CHARLES SAMUEL POLLOCK PARISH: CHAPLAIN AND BOTANIST IN BURMA

In researching the family of my maternal grandmother, Eva Kate Burge (née Parish), I was delighted to discover Charles Samuel Pollock Parish whose father, Henry, was an older brother of my great-greatgrandfather, George Thomas Parish.

Charles Samuel Pollock Parish, the second son of Henry and Sarah (née Stowers) Parish, was born on 26 January 1822 in Dum Dum, North of Calcutta [Kolkata], India, where his father was serving as a Chaplain in the Honourable East India Company.

While his parents remained in India until 1839, Charles was educated in England. He was admitted to St Edmund College, Oxford University, where he matriculated in 1837, and was awarded a Bachelor of Arts degree in 1841. Charles followed his father into the Anglican ministry and, later, into the East India Company. He was ordained deacon in 1846, and priest in 1847. The Reverend Charles Parish served as curate for West Hatch, Somerset, from 1846 to 1849 and Bickenhall and Orchard Portman, Somerset, from 1849 to 1852.

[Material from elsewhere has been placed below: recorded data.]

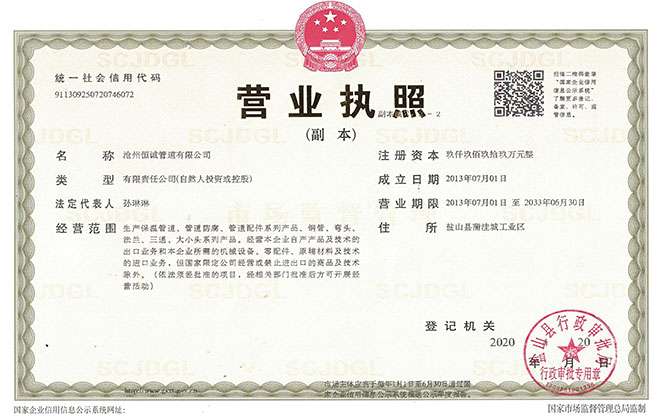 恒誠(chéng)管道有限公司座落于中國(guó)管道裝備制造業(yè)基地。北依京津、東臨黃驊港,京滬鐵路、京滬高速、石黃高速、津汕高速、104、307、205國(guó)道分布于周或穿與境內(nèi),地理位置得天獨(dú)厚,交通運(yùn)輸極為方便;公司配備專業(yè)的管道設(shè)計(jì)人 、高技技工、生產(chǎn)和產(chǎn)品檢驗(yàn)人員。
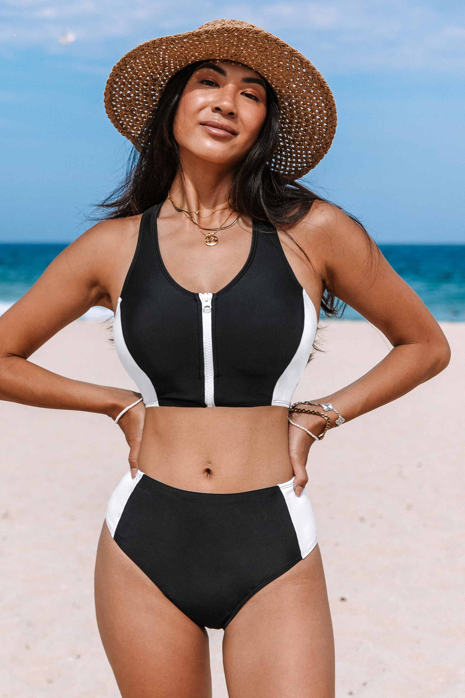 Lycra Sporty Zip-Front Bikini Bralette & High-Rise Bottoms Set
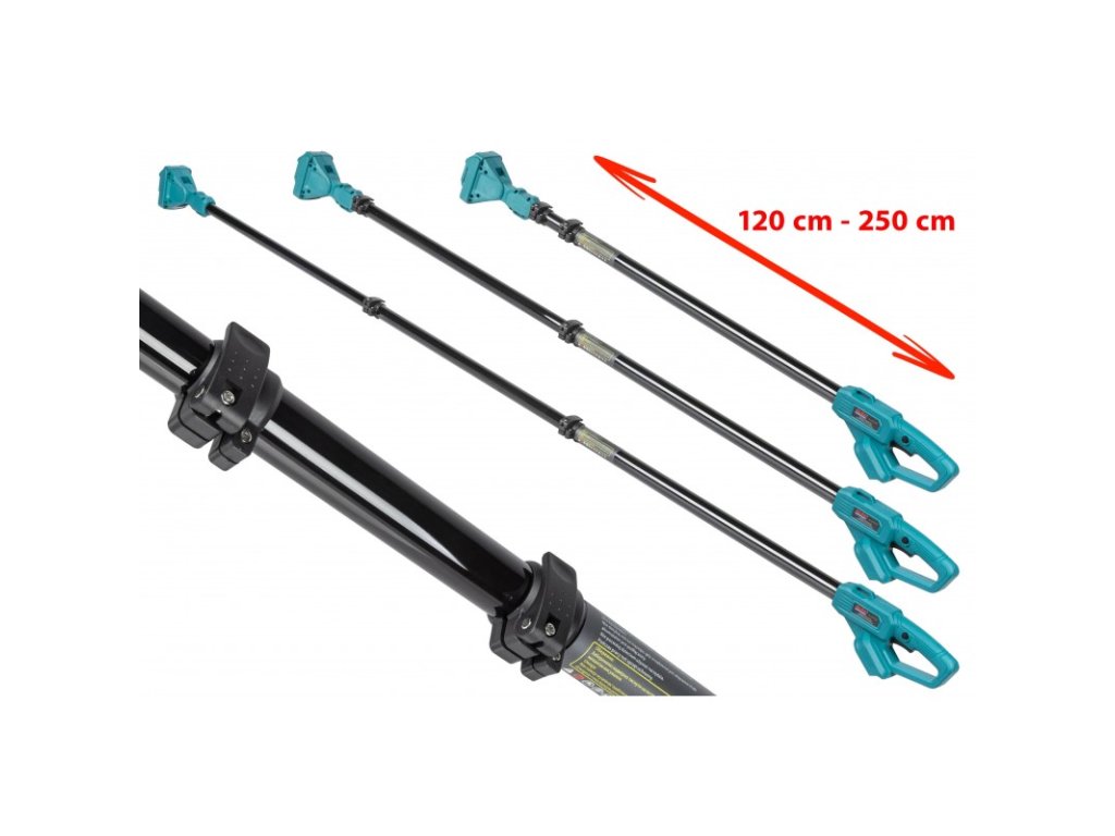 Teleskopická predlžovacia tyč na AKU náradie - píly. S týmto nástavcom dokážete orezať stromy pohodlne a rýchlo.

The Reverend Charles Parish was appointed Assistant Chaplain, Moulmein, [Mawlamyaing], Burma [Myanmar], on 19 May 1852, and became its Chaplain in 1863. Following the first Anglo-Burmese war in the mid-1820s, part of Burma had become a province of British India. The first chaplain was posted to Moulmein, a Garrison town, in 1834. When the East India Company ceased to exist in August 1858, currently serving chaplains remained in their dioceses, becoming members of the Indian Ecclesiastical Establishment.

On 19 January 1854, Charles Samuel Pollock Parish married Eleanor Isabella Sarah Johnson in Moulmein. Eleanor, born on 12 May 1830 in Quilon, India, was the daughter of Nicholas Johnson, an Officer in the East India Company Madras Army, and Mary (née Ibbert).

Charles stopped in Madras during his initial voyage to Calcutta. Charles and Eleanor had seven children, born in Moulmein between 1855 and 1868 and all baptized by their father.

In addition to these bare facts about Charles Samuel Pollock Parish, a wealth of other information exists. Charles was a talented man, with a wide range of interests including geology, botany, and drawing, which he pursued rigorously. He was also a prolific writer, who left behind not only published works, but also collections of his papers, drawings, and correspondence.

While living in Somerset in the 1840s, Charles Parish developed an interest in the fossil remains of large extinct Saurians [lizards], which abounded in the numerous quarries on the Blue Lias formation. Not content simply with collecting fossils, he purchased books written by Sir Charles Lyell, the foremost geologist of the time. In Lyell’s Island, a still active volcanic island in the Bay of Bengal. ‘Besides its isolated position … the remarkable feature of it … was that the sea, entering by a gap in the outer crater, completely surrounded the inner or secondary crater, so that a boat could enter and be rowed round between the two.’ He longed to ‘see this strange island’, but believed that there was not the ‘remotest likelihood’ that he would ever do so. He was wrong, but it was almost 20 years before his dream was realized.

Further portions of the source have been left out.